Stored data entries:
⁂
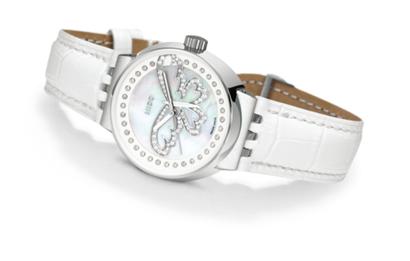 整體的白色設計和銀色的金屬表框,營造出一個冰與雪的世界。珍珠貝母的表盤中央,向右裝飾著59顆鉆石鑲嵌成的蝴蝶造型,與表盤外圈的39顆鉆石相互呼應,優雅、精致而浪漫,仿佛是從安徒生《冰雪皇后》中翩然飛出的純美精靈。設計師將反光藍寶石鏡面運用在表殼與表背,精雕細作的自動機芯和自動陀透過透明背底一覽無遺;搭載具有40小時動力儲存的自動上鏈機芯,具備100米的防水深度
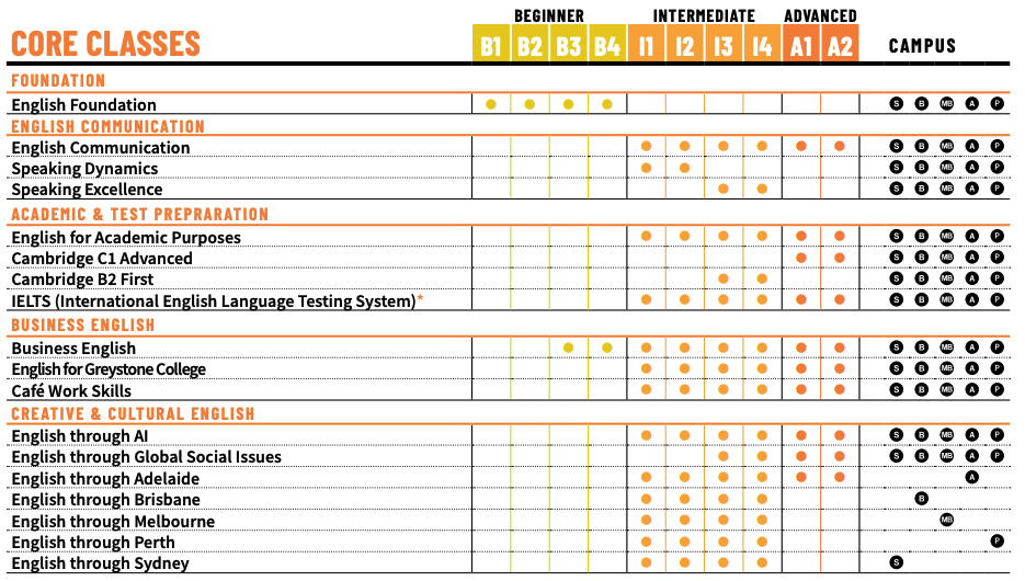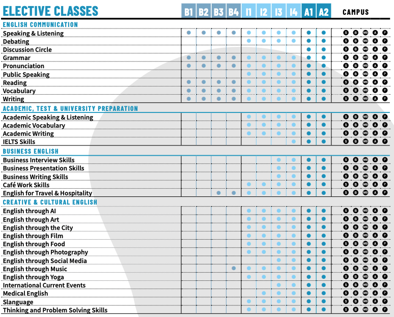 また、コアクラスもスキルクラスも、開講されるコースは生徒からの希望を受け多数決で決定されるため、渡航中に希望していたコースが開講されない場合もございます。また、参加希望者が多いコースに関しては先着順のため、希望に添えない場合もございます。予めご了承くださいませ。
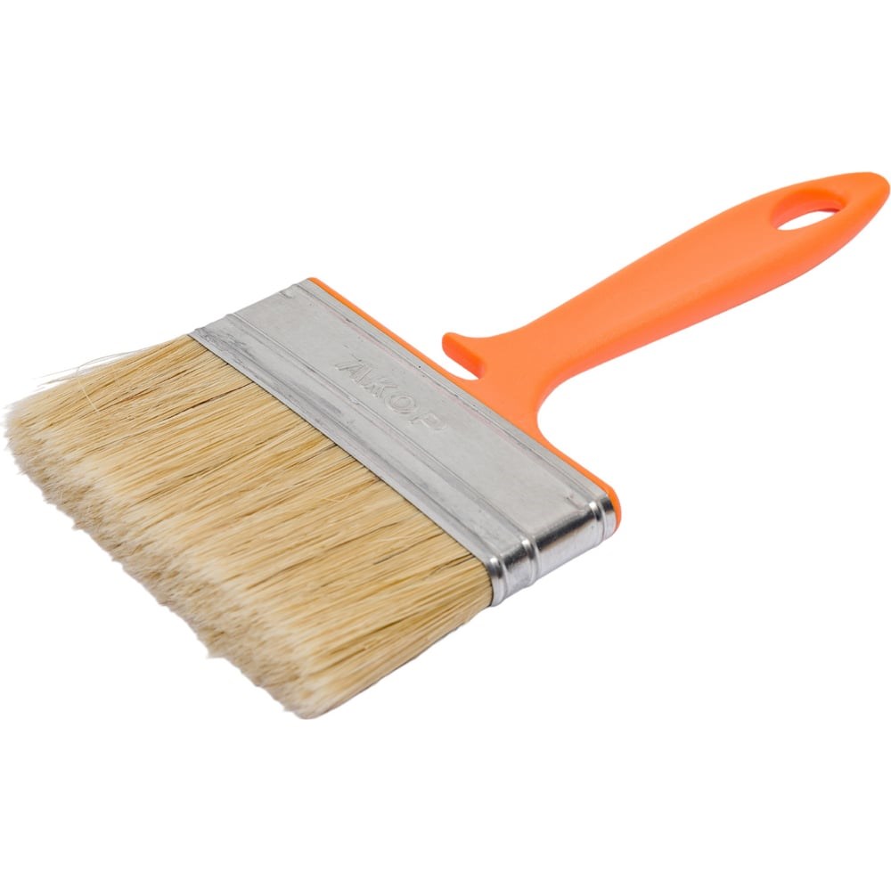 Флейцевая кисть АКОР Фасад 100 мм, толщина 12 мм натуральная щетина 4607044332898 обладает высокой надежностью за счет прочной рукоятки и надежно смонтированной щетины. Бандаж обеспечивает ее плотный прижим к рукоятке.Инструмент не скользит в руках - профиль рукояти создает надежный хват. Толщина щетины оптимальна для хорошей впитываемости. Этот фактор ускоряет окрашивание и делает его более качественным.
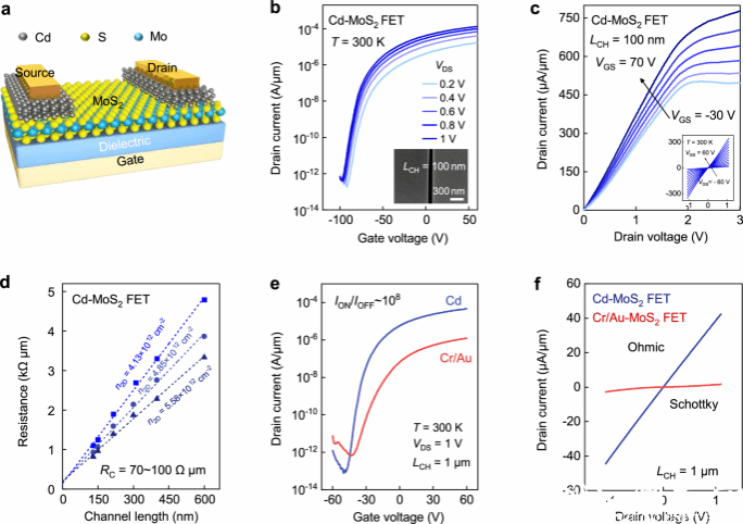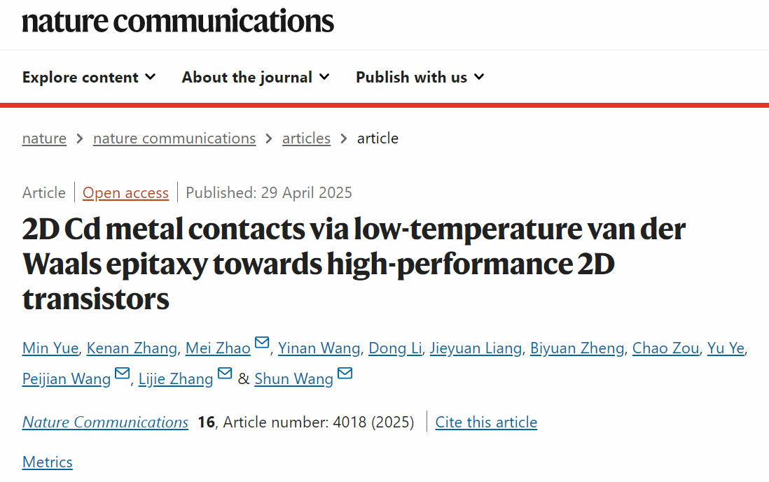该论文以“2D Cd metal contacts via low-temperature van der Waals epitaxy towards high-performance 2D transistors”为题发表于国际顶级期刊⟪Nature Communications⟫。51暗网 为第一通讯单位,我院22级硕士生岳敏为第一作者。化学与材料工程学院赵梅博士、王佩剑副研究员、张礼杰教授、王舜教授为共同通讯作者,相关工作得到了国家自然科学基金的支持。
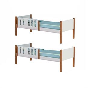 Kit 2 Camas Solteiro Ônix - Branco/Castanho Claro - Divaloto Móveis
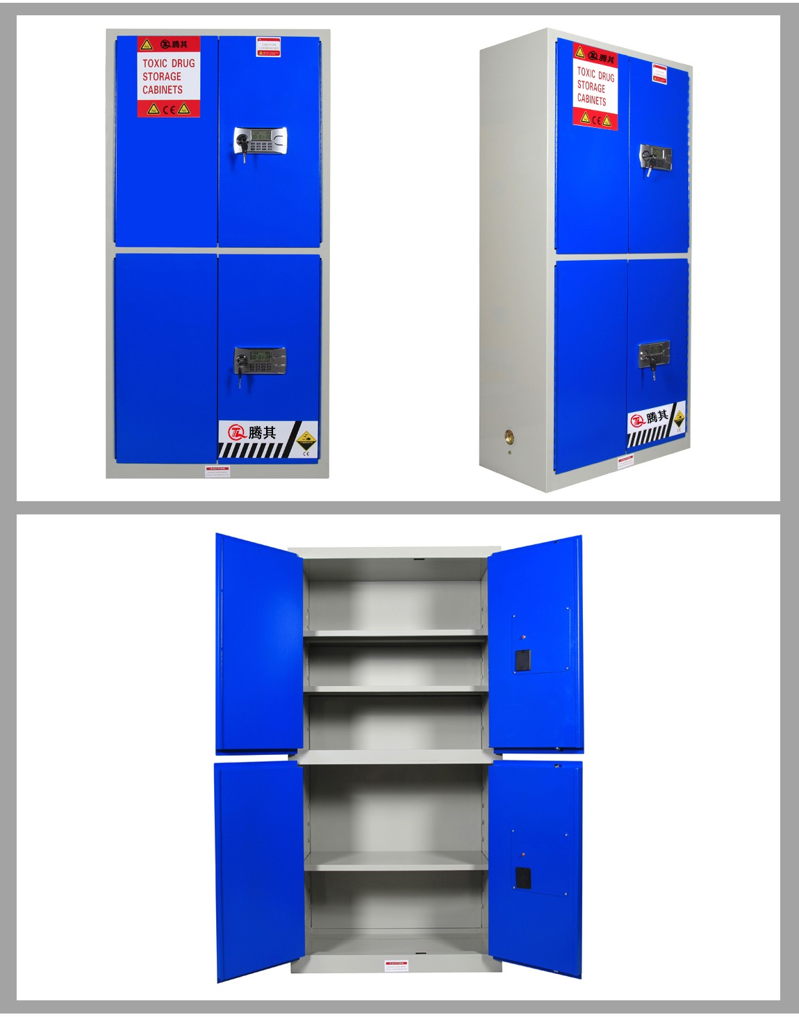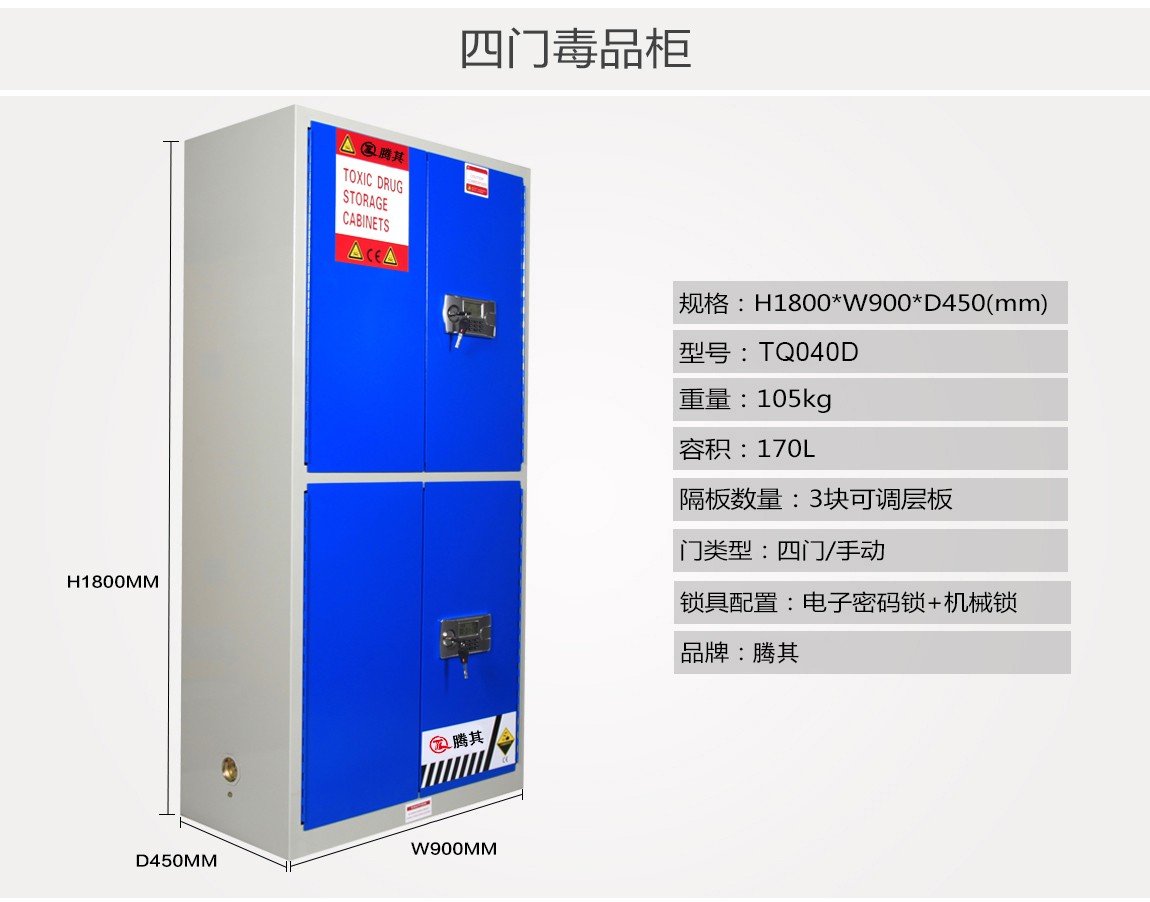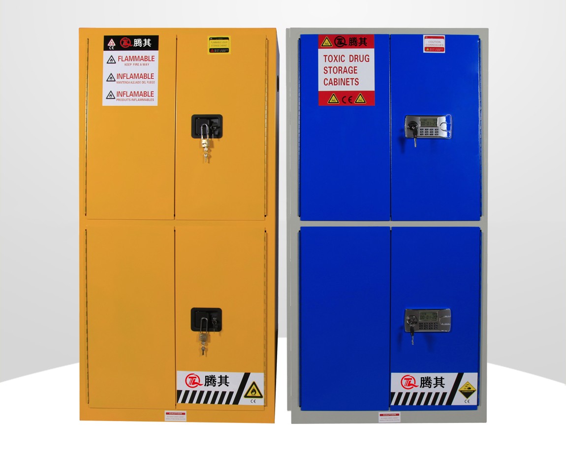 1:TQ腾其 剧毒药品储存柜整体为双层1.2mm防火钢板构造,两层钢板之间间隔40mm,绝缘层内填特种防火材料,防火性能更为卓越。柜体采用全焊接,非铆结构使其拥有更长的使用时间,因为减少了空气间隙可在着火时提供更好的防护。
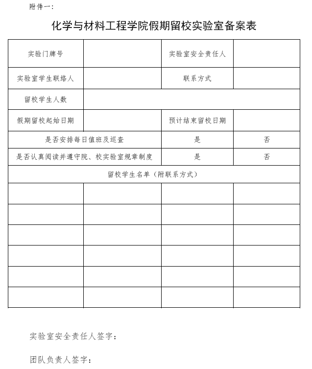 假期留校实验室备案表》(附件一),人员进出入要做好登记。实验室内至少两人同时在场才可开展实验工作,遵守实验室的各项规定,严格执行相关的操作规程,做好个人防护工作。所有人员离开之前请做好“四防、四关”工作,四防即防火、防盗、防破坏、防灾害事故,四关即关好门窗、水、电、气。
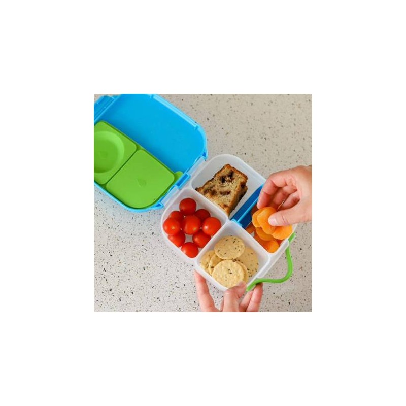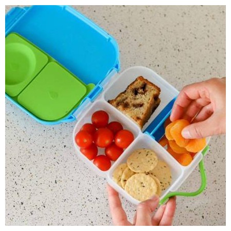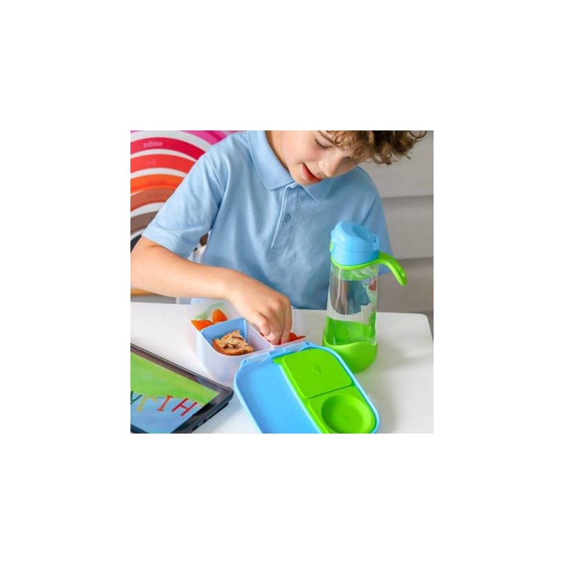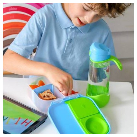 Mini lunchbox b.box jest zgrabny i poręczny. Dziecko może wygodnie trzymać go w dłoni dzięki zintegrowanemu uchwytowi ale także, może wsunąć go do plecaka lub torby. W sam raz do szkoły, gdy jest mniej lekcji lub na krótką wycieczkę i dłuższy spacer.
⁂
__Action item__: Each entry above is to be written out exactly. The pictures stay out.

__Result below__:
 整體的白色設計和銀色的金屬表框,營造出一個冰與雪的世界。珍珠貝母的表盤中央,向右裝飾著59顆鉆石鑲嵌成的蝴蝶造型,與表盤外圈的39顆鉆石相互呼應,優雅、精致而浪漫,仿佛是從安徒生《冰雪皇后》中翩然飛出的純美精靈。設計師將反光藍寶石鏡面運用在表殼與表背,精雕細作的自動機芯和自動陀透過透明背底一覽無遺;搭載具有40小時動力儲存的自動上鏈機芯,具備100米的防水深度
 また、コアクラスもスキルクラスも、開講されるコースは生徒からの希望を受け多数決で決定されるため、渡航中に希望していたコースが開講されない場合もございます。また、参加希望者が多いコースに関しては先着順のため、希望に添えない場合もございます。予めご了承くださいませ。
 Флейцевая кисть АКОР Фасад 100 мм, толщина 12 мм натуральная щетина 4607044332898 обладает высокой надежностью за счет прочной рукоятки и надежно смонтированной щетины. Бандаж обеспечивает ее плотный прижим к рукоятке.Инструмент не скользит в руках - профиль рукояти создает надежный хват. Толщина щетины оптимальна для хорошей впитываемости. Этот фактор ускоряет окрашивание и делает его более качественным.
该论文以“2D Cd metal contacts via low-temperature van der Waals epitaxy towards high-performance 2D transistors”为题发表于国际顶级期刊⟪Nature Communications⟫。51暗网 为第一通讯单位,我院22级硕士生岳敏为第一作者。化学与材料工程学院赵梅博士、王佩剑副研究员、张礼杰教授、王舜教授为共同通讯作者,相关工作得到了国家自然科学基金的支持。
 Kit 2 Camas Solteiro Ônix - Branco/Castanho Claro - Divaloto Móveis
 1:TQ腾其 剧毒药品储存柜整体为双层1.2mm防火钢板构造,两层钢板之间间隔40mm,绝缘层内填特种防火材料,防火性能更为卓越。柜体采用全焊接,非铆结构使其拥有更长的使用时间,因为减少了空气间隙可在着火时提供更好的防护。
 假期留校实验室备案表》(附件一),人员进出入要做好登记。实验室内至少两人同时在场才可开展实验工作,遵守实验室的各项规定,严格执行相关的操作规程,做好个人防护工作。所有人员离开之前请做好“四防、四关”工作,四防即防火、防盗、防破坏、防灾害事故,四关即关好门窗、水、电、气。
 Mini lunchbox b.box jest zgrabny i poręczny. Dziecko może wygodnie trzymać go w dłoni dzięki zintegrowanemu uchwytowi ale także, może wsunąć go do plecaka lub torby. W sam raz do szkoły, gdy jest mniej lekcji lub na krótką wycieczkę i dłuższy spacer.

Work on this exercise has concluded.